I know how to recieve emails when my job begins, ends, and/or fails, or, when doing a job array, how to do it for each job in the array vs. once for the array as a whole. I want to substitute email for text. Ideally, I'll get a text when my job starts, ends, or fails, like the following email:
FW: Slurm Job_id=66967693 Name=testing_Tappen Ended, Run time
00:01:55, CANCELLED, ExitCode 0
________________________________________
From: Slurm Controller - <[email protected]>
Sent: Thursday, January 1, 2025 5:18:02 PM (UTC-06:00) Central Time (US & Canada)
To: Jane Doe
Subject: Slurm Job_id=123456789 Name=my_job_name Ended, Run time 05:00:55, CANCELLED, ExitCode 0
This is an automated message requested by a user-submitted Slurm batch job. If you did not request this message, please reply so we can remove you from further messages ASAP.

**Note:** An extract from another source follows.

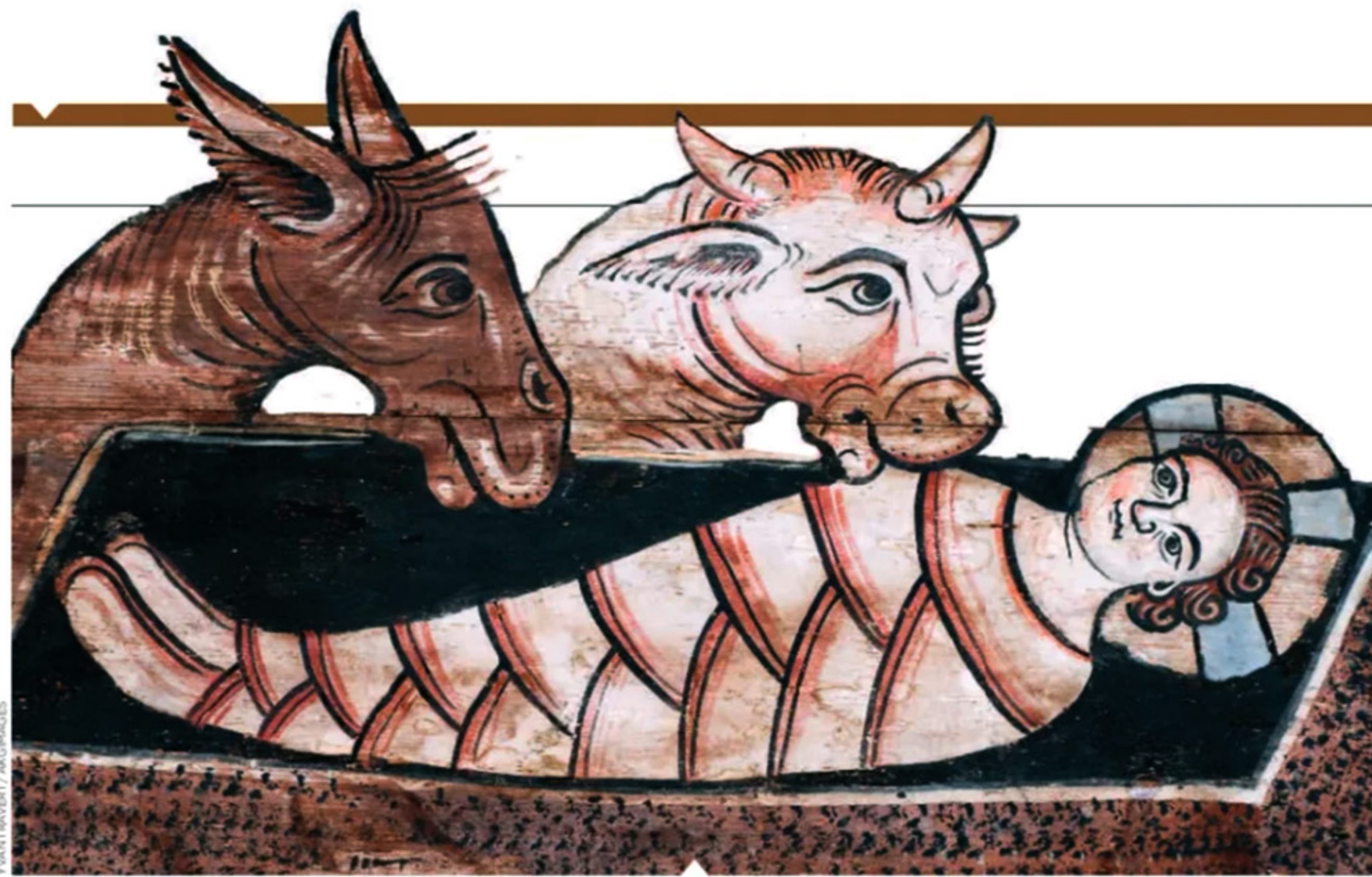
Représentation de la Nativité (détail du plafond de l'église Saint-Martin de Zillis, en Suisse, peint au XIII e siècle).

I know you can email via SMS, given you know the phone's provider. I tried submitting the following job, but despite completing, it didn't end up sending anything:
#!/bin/bash --login
#SBATCH --mail-type=BEGIN,END,FAIL
#SBATCH [email protected]
#SBATCH --time=00:03:00 # walltime
#SBATCH --ntasks-per-node=2 # number of processor cores (i.e. tasks)

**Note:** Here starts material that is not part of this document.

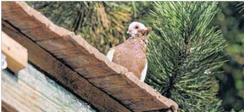
A galamb általában hat-nyolc évig él, minél öregebb, annál sötétebb a tollazata

#SBATCH --nodes=1 # number of nodes
#SBATCH --mem=64G # memory per CPU core
#SBATCH -J "get_a_text" # job name
#SBATCH --output=%x_%j.out
srun python3 src/jane_doe_script.py
I also tried sending it to my email, then forwarding all emails from SLURM to my mobile and that worked, but with a ~5-15 minute delay and it doesn't let me control which SLURM jobs I want on my phone or don't.
Thoughts?
Additional info:
scontrol --version
--> slurm 23.11.6
This is not related to Slurm rather related to how your Mail Transport Agent (MTA) is configured. Slurm will just pass your mail id and data to sent to the mail program ( which typically can be seen by the command scontrol show config | grep -i mail
), and based on the configuration of the agent the mail is sent.
Following command can be used to see which agent is used to sent the email.

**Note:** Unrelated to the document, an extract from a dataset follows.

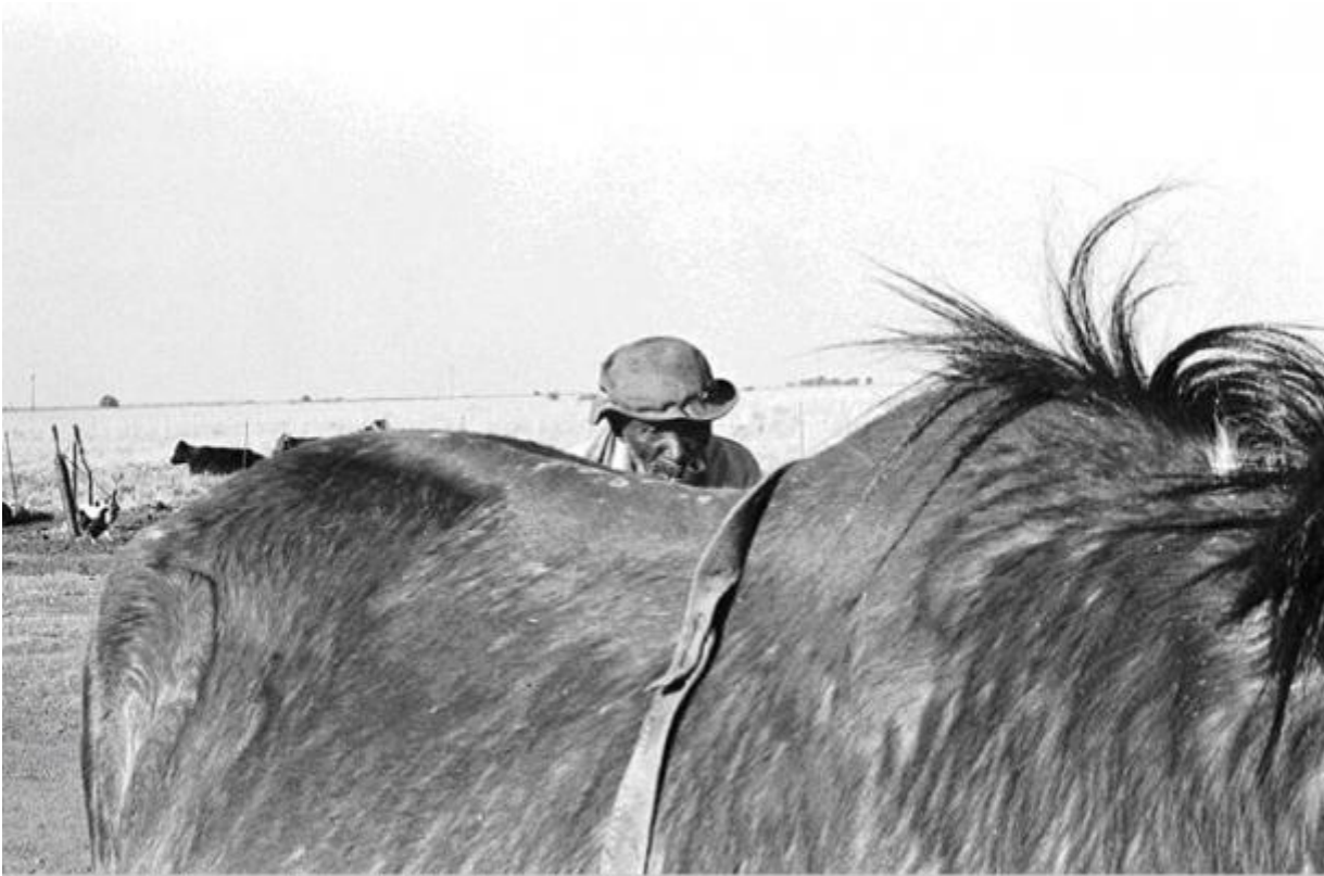
Maine Talking to His Horse, Vaalrand / c.1988 silverprint edition 5

ps aux | grep -E 'postfix|sendmail|exim'
If it is Postfix (often default on many modern Linux distros like Ubuntu or CentOS) then you can see your configuration information via the following command:
postconf -n
and this would lead to some results like this:
smtpd_relay_restrictions = permit_mynetworks permit_sasl_authenticated defer_unauth_destination
So, if your mail agent is configured to not sent it to certain domains (have some restrictions), giving it in the slurm script won't make any difference.
For example, defer_unauth_destination
means if the client is neither in mynetworks
nor SASL-authenticated
(e.g., via username and password), and is attempting to send mail to an external (non-local) domain, defer that delivery (essentially refusing to relay for unauthenticated users).